The Hackett Group's Shawn Townsend put it bluntly: relying on SCF to support DPO stretching is "not the best way" to improve working capital. The 2017 Hackett analysis found that while corporates increased SCF usage, "lengthening payment terms masked those poor performance markers" in inventory and accounts receivable. DPO became a cosmetic fix for deeper operational problems.


The supplier disruption risk procurement does not price

McKinsey research on SME supply chain disruptions found that 68% of disruptions in small-to-medium enterprises stemmed from liquidity shortages, payment delays, or lack of credit access. When a tier-two or tier-three supplier fails because a large buyer stretched terms to 90 days, the disruption cascades up the supply chain. The buyer's DPO improvement of 0.3 days is invisible next to the cost of a production line stoppage.

B2B payment data from 2025 shows the real-world impact: 26% of business decision-makers have stopped working with a buyer or supplier due to payment delays. Over half of manufacturing suppliers report late payments averaging nearly two months. Only 17% of suppliers extend terms beyond 60 days — up from 7%, but still a small minority. The market is rejecting the practice faster than procurement teams are adopting it.

Regulatory pressure is also building. The UK government's position is that "all payments beyond 60 days represent bad practice." European regulatory frameworks increasingly treat terms beyond 60 days as presumptively unfair, requiring express agreement and prohibiting terms that are "grossly unfair" to suppliers. The DPO lever is not just economically self-limiting — it may soon be legally constrained.

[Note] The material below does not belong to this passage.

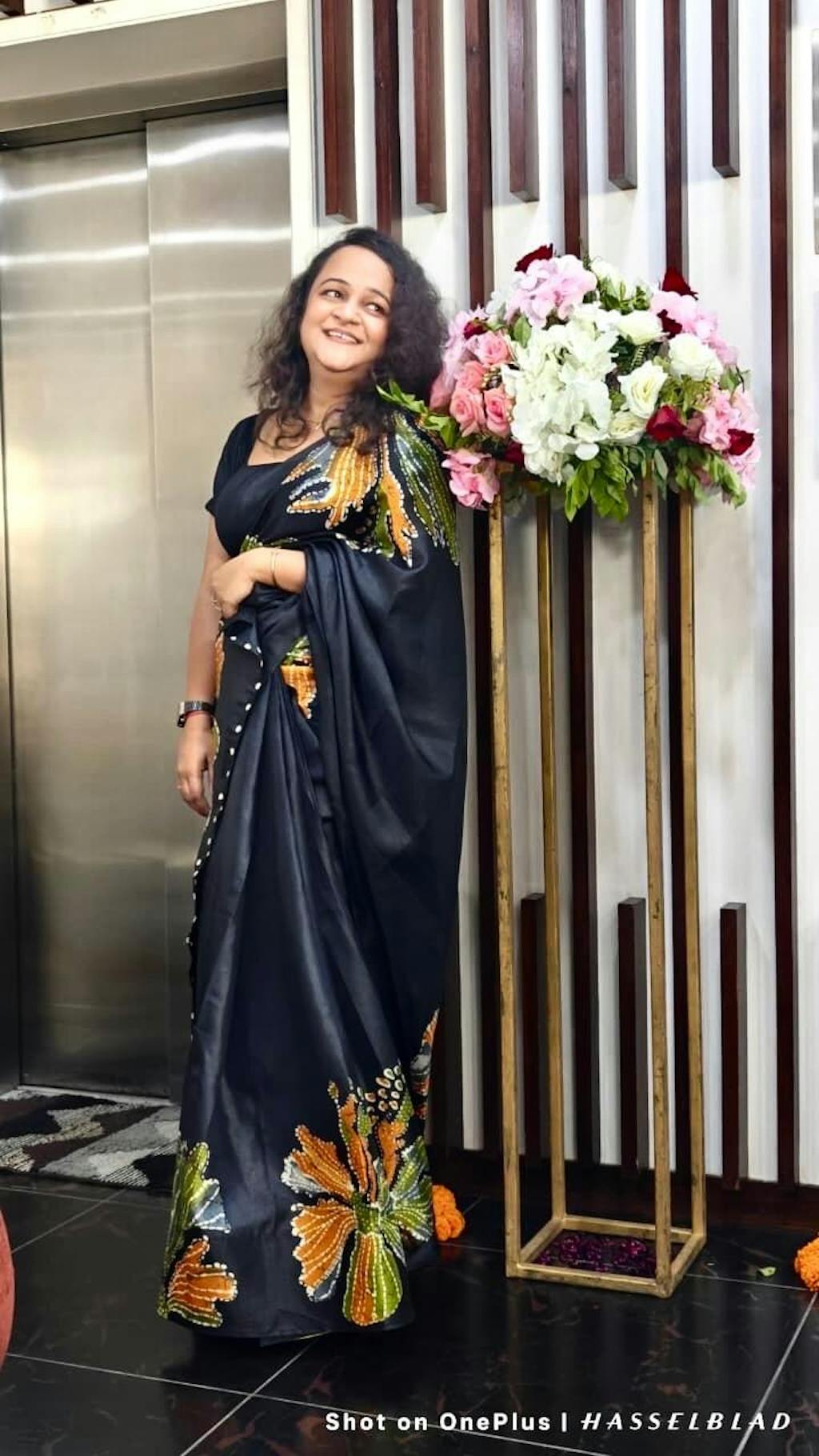 Black Vichitra Silk Printed SareeBlack Vichitra Silk Printed Saree- Regular price

What this means in practice

Treat DPO as one of three working capital levers, not the only one. The cash conversion cycle is DSO + DIO - DPO. When DPO improvements "mask" deteriorating DSO and DIO, the cash conversion cycle looks better while the underlying operations worsen. Audit all three together.

Segment payment terms by supplier profile. Strategic suppliers, small suppliers, and suppliers with limited access to capital should be kept at 30-45 day terms or offered early payment in exchange for discounts. BCG's recommendation to exclude at-risk, small, and diverse suppliers from generic term extensions is the minimum viable segmentation.

Model the total cost of payment terms, not just the liquidity gain. A move from 30 to 45 days on €500 million in spend frees approximately €20.5 million in liquidity. But that number must be weighed against lost early-payment discounts (typically 2%), supplier price increases (estimated 1-3% on next contract), and supply continuity risk. In most cases beyond 60 days, the hidden costs exceed the nominal benefit.

Does SCF make payment-term extensions safe for suppliers?

SCF reduces the damage but does not eliminate it. When reverse factoring costs 40-60% more than traditional credit for suppliers, the cost-of-capital arbitrage breaks. SCF works best when the buyer genuinely has a lower cost of capital and shares that advantage — not when it is used to justify pushing terms from 60 to 90 days.

What is the right DPO target?

There is no single number. The Hackett Group data shows an effective ceiling in the mid-50s to low-60s for most sectors. Beyond that, supplier leverage, inflation, and risk force a reversal. Segment by supplier: strategic suppliers at 30-45 days, commodity suppliers can extend further if they have access to SCF at the buyer's cost of capital.

How do you convince finance that shorter payment terms are better?

Run the total-cost model: liquidity gain from terms extension minus lost discounts, supplier price increases, and estimated supply disruption cost. Most CFOs will accept shorter terms when the math shows the extension is destroying more value than it creates. The academic evidence — zero-sum or negative-sum — is on your side.